__Action item__
Exactly as written, reproduce the lines from the beginning of the data through the line containing "dumb dumb |"; the pictures are not reproduced.

__Source material__

= = = =

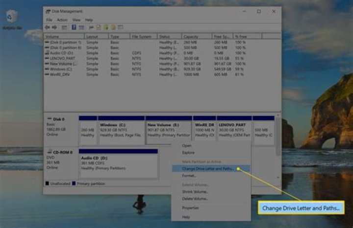 - In Disk Management, right-click the drive for which you want to change or add a drive letter, and then select Change Drive Letter and Paths.
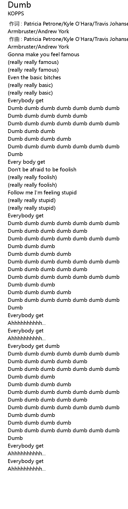 | [01:07.456] | Dumb dumb dumb dumb dumb dumb dumb |
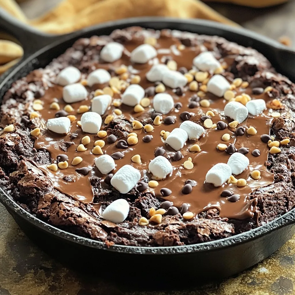 - 1 cup unsalted butter, melted - 1 cup granulated sugar - 1 cup packed brown sugar - 4 large eggs - 1 teaspoon vanilla extract - 1 cup all-purpose flour - 1 cup unsweetened cocoa powder - 1 teaspoon baking powder - 1/2 teaspoon salt - 1 cup semi-sweet chocolate chips - 1 cup mini marshmallows - 1 cup graham cracker crumbs For this recipe, I use unsalted butter. It gives a rich flavor without extra salt. Granulated sugar and brown sugar add the right sweetness and moisture. Choose high-quality cocoa powder for a deep chocolate taste. Fresh eggs are key for a good rise. Use all-purpose flour for the best texture. - Additional chocolate chips - Scoop of vanilla ice cream - Crushed graham crackers You can add more chocolate chips on top for extra sweetness. A scoop of vanilla ice cream makes it even better, especially when warm. Crushed graham crackers on top add a nice crunch. These toppings help create that classic s'mores vibe! First, preheat your oven to 350°F (175°C). This step is key for even baking. While the oven heats, grab a 10-inch cast iron skillet. To grease it, use a paper towel or a brush to spread some melted butter. Make sure to coat the bottom and sides well. This will help your brownies come out easily. In a large bowl, mix together the melted butter, granulated sugar, and brown sugar. Stir until the mix looks smooth and creamy. Next, add in four large eggs, one at a time, stirring well after each addition. Then, add one teaspoon of vanilla extract. In a separate bowl, sift together one cup of all-purpose flour, one cup of unsweetened cocoa powder, one teaspoon of baking powder, and half a teaspoon of salt. Slowly mix the dry ingredients into the wet ones until they combine well. Finally, gently fold in one cup of semi-sweet chocolate chips. Pour half of your brownie batter into the greased skillet. Spread it out evenly. Next, sprinkle half a cup of graham cracker crumbs over the batter. After that, add half a cup of mini marshmallows. Now, pour the rest of the brownie batter on top. Finish by adding the remaining graham cracker crumbs and marshmallows. This creates delicious layers. Place the skillet in your preheated oven and bake for 25 to 30 minutes. To check for doneness, insert a toothpick in the center. If it comes out with a few moist crumbs, your brownies are ready. Be careful not to overbake; you want them gooey! Once done, remove the skillet from the oven and let it cool for a few minutes. Enjoy your warm, gooey s'mores brownie skillet! To get that gooey brownie, watch your mixing. Mix just until you see no dry flour. If you mix too much, your brownies will turn cakey. This is key for a rich, fudgy center. Baking time is also vital. Aim for 25-30 minutes. Check with a toothpick. If it comes out with a few moist crumbs, it's done. Letting it cool helps too. This will keep the center soft and moist. Want to boost flavor? Try adding nuts like walnuts or pecans. They add a nice crunch and extra taste. You can also toss in some peanut butter chips or caramel for fun twists. For chocolate lovers, switch up the chocolate types. Use dark chocolate chips for more depth. You can also mix in some white chocolate chips for a sweet contrast. Each choice adds a unique twist to your S'mores Brownie Skillet. {{image_2}} You can change the nuts in your s'mores brownie skillet. Pecans, walnuts, or almonds add great flavor and crunch. If you want a nut-free option, skip the nuts or use seeds like sunflower or pumpkin seeds instead. They still give that nice texture without nuts. Seasonal flavors can make your dessert exciting. Try adding pumpkin spice in fall or peppermint for winter. You can also swap ingredients based on what you find. Use eggnog instead of vanilla or add cinnamon for a twist. These small changes can create a fun new taste. If you want a gluten-free version, use almond flour or a gluten-free flour blend. Make sure to check labels for safety. For a dairy-free option, use coconut oil instead of butter. You can also switch to dairy-free chocolate chips and marshmallows. These adjustments keep the dessert delicious for everyone. To keep your S'mores Brownie Skillet fresh, store it properly. First, let the skillet cool completely. Then, cover it tightly with plastic wrap or foil. You can also transfer the brownies to an airtight container. Place the container in the fridge. They will stay good for about 3 to 5 days. If you want to keep them longer, freeze the brownies. Cut them into squares and wrap each piece in plastic wrap. Place the wrapped pieces in a freezer bag. They can last in the freezer for up to 3 months. When it’s time to enjoy your leftovers, reheating is easy. Preheat your oven to 350°F (175°C). Place the skillet in the oven for about 10 minutes. This warms it up nicely. You can also microwave individual pieces for about 15 to 20 seconds. Just be careful not to overheat them, or they may become dry. For the best quality, enjoy your S'mores Brownie Skillet within 5 days when stored in the fridge. If frozen, eat them within 3 months for the best taste. To check for spoilage, look for signs like an off smell or a change in color. If the brownies feel hard or have a dry texture, it’s best to toss them. Fresh brownies should be soft and gooey! Yes, you can prepare the brownie mix ahead of time. Just follow the steps until you pour the batter into the skillet. Cover it with plastic wrap and store it in the fridge for up to 24 hours. When you're ready, bake it straight from the fridge. This saves time and keeps it fresh. If you need a substitute, try using white chocolate chips or butterscotch chips. For a dairy-free option, use dairy-free chocolate chips. You can also try chopped nuts or dried fruit for a fun twist. Each choice adds a unique flavor. Yes, you can use a different pan. A 9x13-inch baking dish works well if you don't have a cast iron skillet. Just keep an eye on the baking time, as it may differ. Make sure to grease the pan well to prev

= = = =

__The answer__
 - In Disk Management, right-click the drive for which you want to change or add a drive letter, and then select Change Drive Letter and Paths.
 | [01:07.456] | Dumb dumb dumb dumb dumb dumb dumb |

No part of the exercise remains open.